Obit watch: November 26, 2021.

Noah Gordon.

He was an American writer. His first book, The Rabbi, was on the NYT bestseller list for 26 weeks in the 1960s. His other books didn’t do as well, in the United States…

but he was a huge bestseller overseas.

Mr. Gordon’s “The Physician” (1986) — the first book in a dynastic trilogy that began in 11th-century Persia, continued during the American Civil War with “Shaman” (1992) and ended with a modern woman doctor dealing with the morality of abortion in “Matters of Choice” (1996) — had an initial print run of only 10,000 copies in the United States.
But it eventually sold some 10 million copies, including more than six million in Germany, where, in the 1990s, six of Mr. Gordon’s novels were on best-seller lists simultaneously.
In 2013, “The Physician” was adapted into a German film, in English, starring Tom Payne, Stellan Skarsgard and Ben Kingsley.

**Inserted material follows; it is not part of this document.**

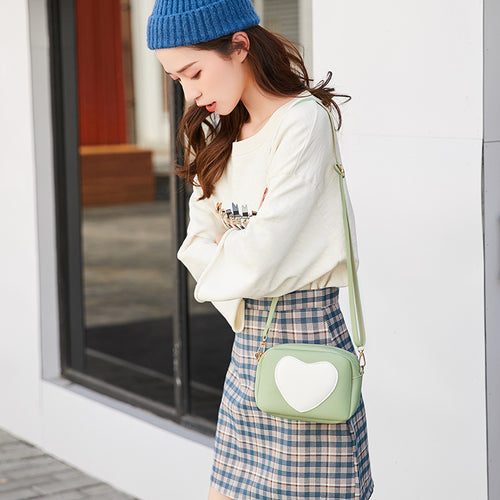 【DPS1688】622-女包2020新款纳帕纹桃心撞色单肩小方包时尚休闲手机包零钱包现货

An award-winning musical based on the book is about to tour Spain.

“While Gordon has been published in 38 countries, Spain and Germany, where he is most popular, are two countries that grapple with a history of anti-Semitism,” Andrew Silverstein wrote in The Forward this year. “While not all of Gordon’s eight books have Jewish themes, most do, and his Jewishness is well known, which may play a role in his popularity in these two countries.”
Mr. Gordon won Spain’s Silver Basque Prize twice for best-selling book, in 1992 and 1995. His novels were also popular in Italy and Brazil.

I read the Kindle sample of The Death Committee before I went to bed last night, and…it was interesting enough that I’m tempted to purchase the book.